Sunday, September 29, 2013

Moro x 2

A double header! I decided to take a week off work at the end of August and thought I might try making a soup for our lunches. It was time for this cookbook, a very special one for us:
Why is it special? Because it was one of the first gifts Katherine gave me! (The inscription is too rude to post here.) We've done recipes from it before, and they have always been rather unusual and introduced new tastes and combinations into our normal cooking routines. This time round was no exception. So, for the soup. I chose "Hassan's celery and white bean soup with tomato and caraway".
The key ingredient of this dish is CELERY. Take one bunch of celery, leaves and all:
Wait no, I'm getting ahead of myself. Start by heating up the cannellini beans:
 Then, while they're heating, cook the chopped celery with lots of olive oil:
Celery pieces are looking too big
Then crush caraway seeds:
And add the seeds to the celery, with garlic and scallions:
Definitely too big
Already looks good, huh? Cook until caramelised, add then add blanched, peeled, seeded, and chopped tomatoes:
  
Still too big
 Then add the beans:
They're not getting any smaller
But the best bit of all comes at the end. Serve the soup in bowls, drizzled with olive oil and lemon juice, accompanied by scallions and black olives, and pita:
Aren't the celery pieces too big?
We had the soup for a couple of lunches, and it was always good. But we agreed that I should have chopped the celery into smaller pieces: some mouthfuls were just too dominated by the celery. (You ended up just chewing away on celery for far too long.)

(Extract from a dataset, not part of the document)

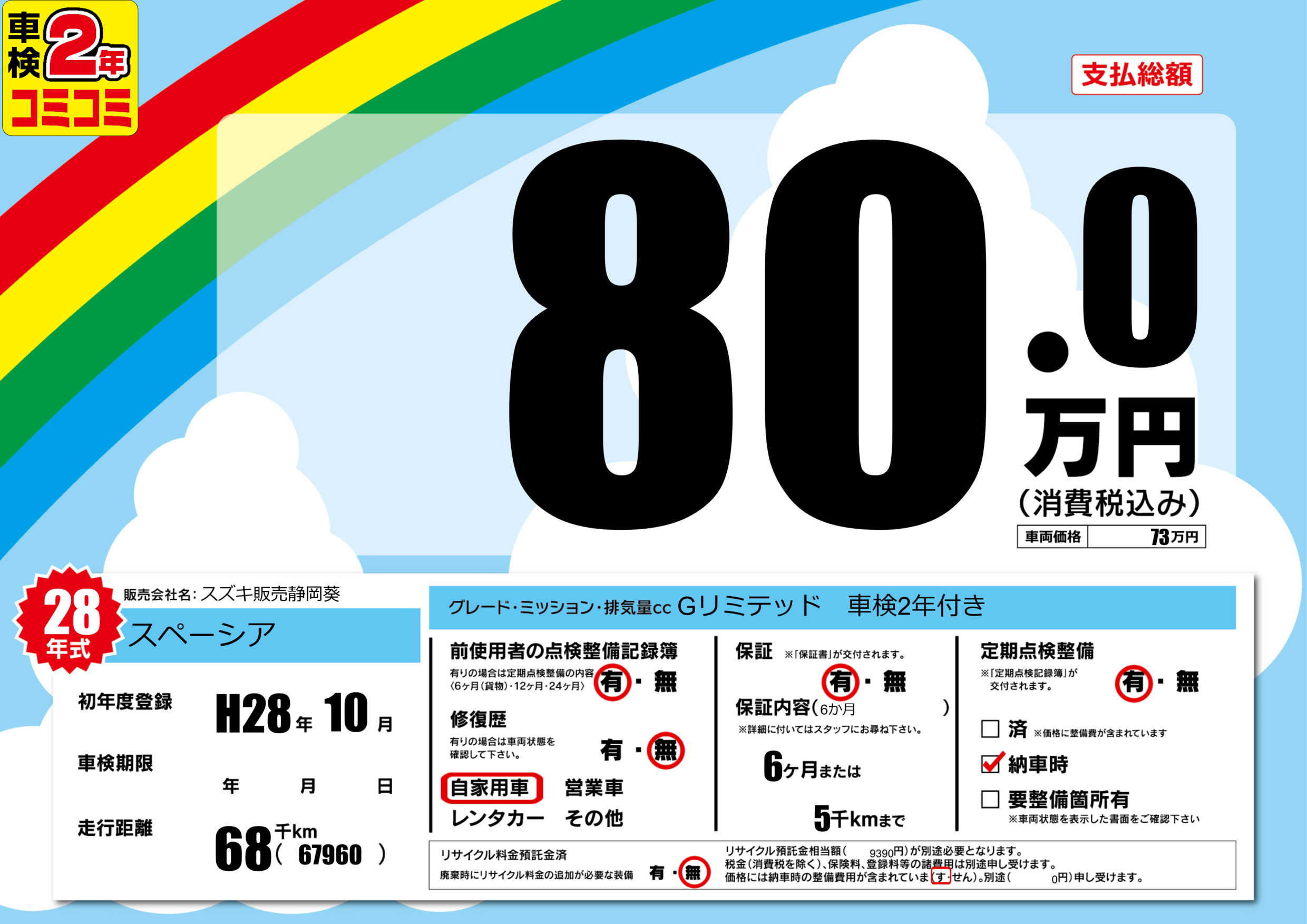 | 定期点検整備 | 定期点検整備あり 納車時あり | ||
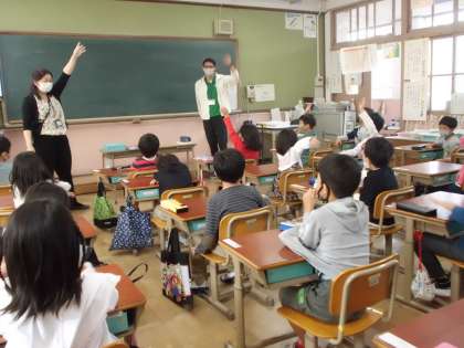 今回はアリオーラ先生と英語で,あいさつをしました!

Anyway, the soup was just a teaser. The main event was another recipe, Chicken and Prawn Romesco:
The basic idea behind this dish is braised chicken thighs with shrimp, in a tomato and paprika sauce mixed with crispy garlic and crushed almonds. Take your seasoned chicken pieces:
and brown them:
Then slice the garlic:
 and brown it:
This dish requires many different elements, as you can tell. Next, you take onions and, yes, brown them:
Next it's the shrimp's turn. Peel and devein the shrimp:
Then brown them - no, don't brown them! The recipe actually calls for pre-cooked Atlantic prawns to be thrown in at the last minute. Well, you just can't get small shrimp here in the States. Who would want to eat them when you have Gigantic Jumbo King shrimp? To prepare them, I made a quick stock with the shells:
And then poached the shrimp in it:
Next, take some fresh tomatoes and peel them:
Chop, and add them, with the onions (and paprika) to the chicken, along with other nice things, including brandy and bay leaves, and some shrimp stock:
This is a very long recipe. Now for the most interesting part of the dish. Make a picada by blending almonds and the garlic:
In case it's not obvious, these are the almonds before going into the blender...
Then stir the picada into the dish, add the shrimp, cook some rice, cook some broccoli, and you're ready:
That was a lot of work. The result was a typical Moro dish: lots of lovely flavours which sit on top of each other and vie for attention on the palate but which don't integrate (and maybe aren't even supposed to). Definitely one to try again, I think, not least because we eat a lot of chicken and it's good to vary the way we prepare it!